4. Don't tell us to get over it-

Everyone heals differently. My healing process may be a week or two, yours may be a day, and that girls' from bio could be two years. Trauma heals differently. Let everyone heal how they need to.

5. Don't compare stories.

"At least you weren't raped at a party, it was your boyfriend/friend." Absolutely not. It's a given, don't be a bitch and one-up someone opening up to you.

6. Don't ask why I'm so "OK talking about it."

Again, everyone is different. One person's ability to calmly discuss and help others is not going to be everyone's case. Many will not heal quickly, some ever.

7. Don't ask me why I've put off hanging out with you for awhile.

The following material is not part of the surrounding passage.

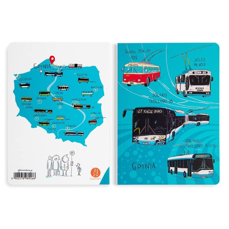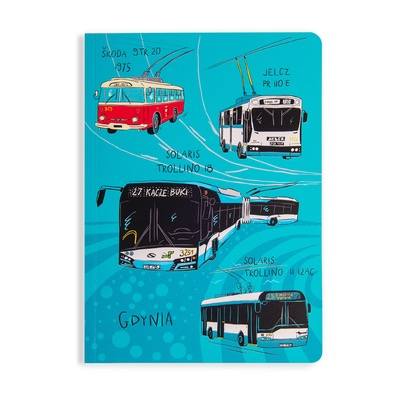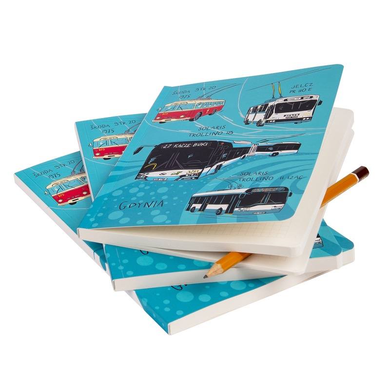Zeszyt formatu A5 z ilustrowaną okładką przedstawiającą gdyńskie trolejbusy.

I may have healed, and I may be okay and have had relationships since. But, that doesn't mean I won't be hesitant.

8. Don't catcall me.

This is traumatic for anyone. But for survivors who may have been raped or assaulted at a party or bar, this could bring up memories.

9. You were married/dating, it doesn't count.

It just doesn't work that way. Rape is rape. In any situation.

10. "You've done bad things too"

Yeah, you're right. I have. But nothing even close to sexually assaulting someone.

11. "You've slept with other people though? It must not be that bad..."

You have to heal, you're going to end up fine. This one is just bitchy.


So, what can you say? How can you help? It's easy. Here are some things you can, and frankly should say to a survivor

"This wasn't your fault."
"I believe you."
"What do you need? How can I help?"
"You can talk to me when you're ready"

Overall, nothing can help someone heal at a faster pace. Again, everyone is different. While some girls may never shed a tear about it and use their story to help others, some may never fully heal. So understand that there isn't a magic fix. Support from someone they know is there for them could be the best thing at this moment. Finally, remember that no matter how terrible you feel about it, just know the individual that experienced it feels much worse.

If you or someone you know is or has been affected by sexual abuse or assault and need help, call the National Sexual Assault Hotline at 1-800-656-4673.